Sorry, I was unclear. This branch actually adds two things: first there's the date extraction code, which works and is ready to go (this addresses #154). Then there's a function called tabDelimit
that converts an iterator of tuples (consisting of Strings, Ints, or other tuples) to a tab-separated string of the flattened tuple's values. I assume it's meant to be used to output extracted records in TSV format instead of tuples.
Currently, we need to convert a tuple to an iterator as seen below in the second map()
.
import org.warcbase.spark.rdd.RecordRDD._
import org.warcbase.spark.matchbox.{RecordLoader, RemoveHTML}
import org.warcbase.spark.matchbox.TupleFormatter._
RecordLoader.loadWarc("./example.warc.gz", sc)
.keepValidPages()
.map(r => (r.getCrawldate, r.getDomain, r.getUrl, RemoveHTML(r.getContentString)))
.map(r => tabDelimit(Iterator(r)))
.saveAsTextFile("out/")
I was just wondering if @aliceranzhou had a different use scenario in mind – i.e., a scenario where an iterator of tuples occurs naturally, possibly with nesting. If not, tabDelimit
could be written more simply.
e.g.,
def tabDelimit2(p: Product): String = {
p.productIterator.mkString("\t")
}
Yes, I think the tuples were nested when I originally wrote tabDelimit..

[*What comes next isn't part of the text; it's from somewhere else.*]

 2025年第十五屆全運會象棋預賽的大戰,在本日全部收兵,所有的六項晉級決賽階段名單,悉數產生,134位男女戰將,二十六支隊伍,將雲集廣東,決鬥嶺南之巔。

Your version of tabDelimit
is much cleaner though – let's go with that! If nested tuples don't occur, then let's just deprecate the first version.
Do you want to make the change @jrwiebe, or should I?

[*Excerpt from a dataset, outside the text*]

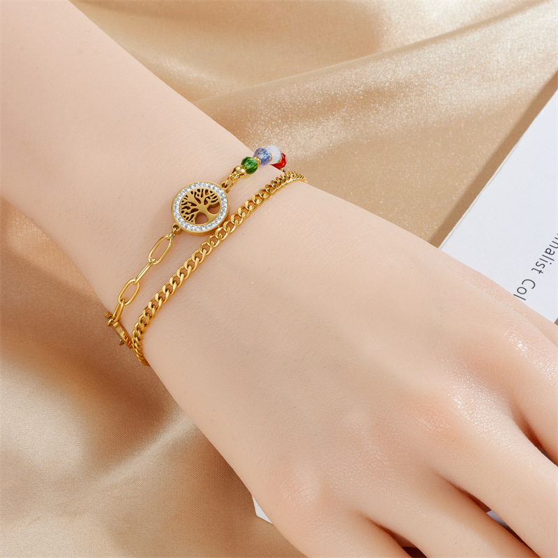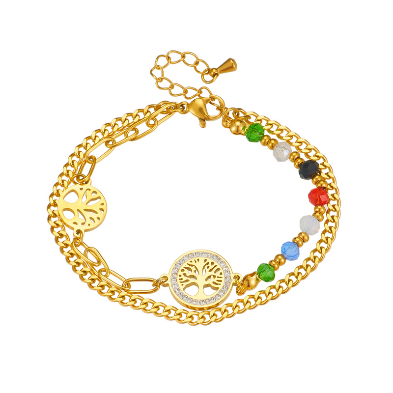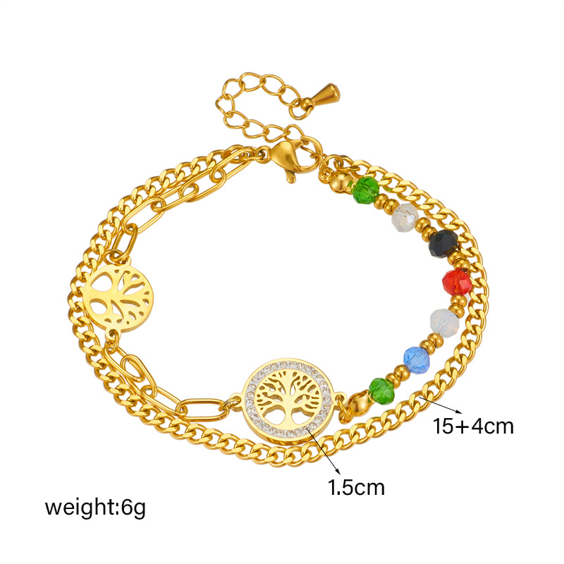 Fashion retro irregular chain round tree of life connected colorful bead double-layer bracelet

I ended up using shapeless to deal with the issue of taking as arguments to tabDelimit
or flatten
tuples of any size. (I did end up keeping the flattening after all, since I saw we do have example scripts in the docs where there is nesting to eliminate.) Shapeless permits us to make Scala behave dynamically in kind of a clever way, but after writing some example code to update the documentation I am beginning to wonder if it is robust enough. Specifically, while a call of map(tabDelimit(_))

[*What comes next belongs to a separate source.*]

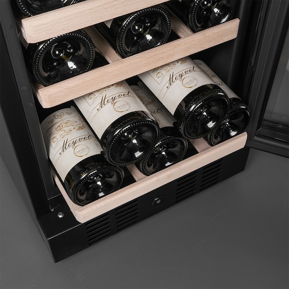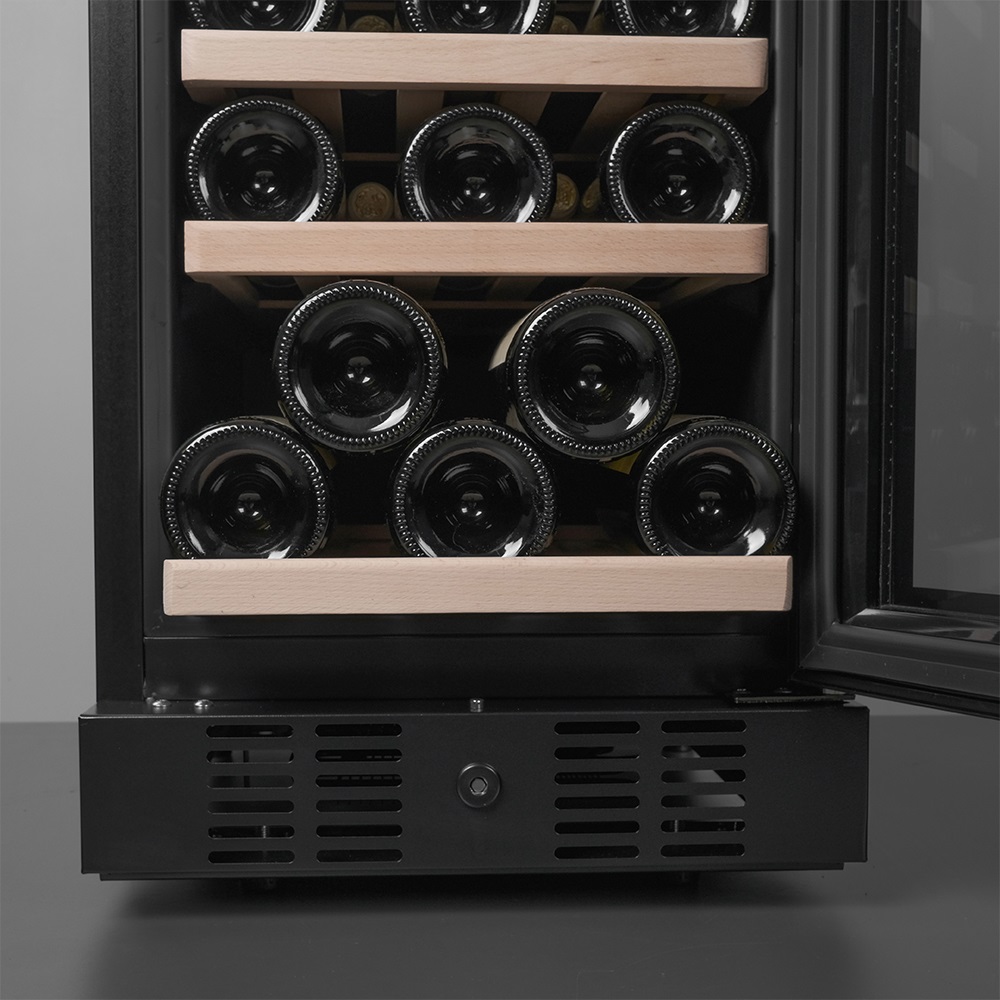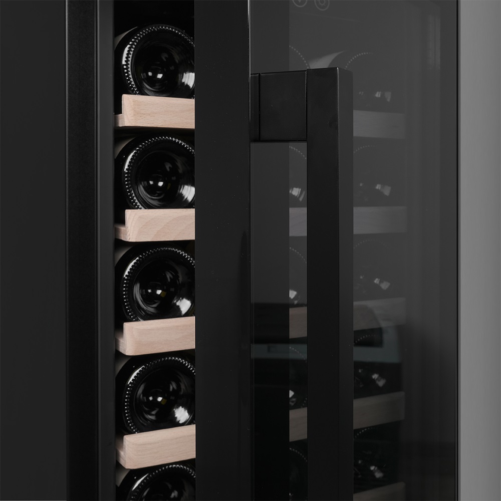 Винный шкаф оснащен компрессорной системой охлаждения с высокой степенью надёжности, а благодаря температурному диапазону от +5 до +18°C можно подобрать оптимальные условия хранения для любого сорта — от лёгких игристых до выдержанных красных. Уровень влажности внутри камеры поддерживается в пределах 60–80%, защищая пробки от пересыхания, а вино — от окисления. Даже спустя месяцы или годы напиток сохранит первоначальные ноты вкуса и аромата. Низкий уровень шума — всего 41 дБ — делает шкаф практически незаметным в повседневной жизни. Он не привлекает внимания, не мешает и не вступает в конфликт с атмосферой дома.

applied to a RDD works (as in the example here), a call of something like map(r => tabDelimit((r.getCrawldate, ExtractLinks(r.getUrl, r.getContentString))))
fails on resolving tabDelimit's implicit parameters. Perhaps a variant of @aliceranzhou's tabDelimit
would ultimately be the better solution. We would want to add cases all the way up to Tuple22 for completeness, and a method defined for a Product parameter (i.e., any tuple) so that the user doesn't have to convert their tuple to an Iterator.
Since this pull request is closed, I'm leaving this comment mostly for myself in case this concern is elevated into an issue.
The date extraction code looks good. Is there a reason why
tabDelimit
should only work with tuples of size 2-4, though? Also, what are some use cases for the function?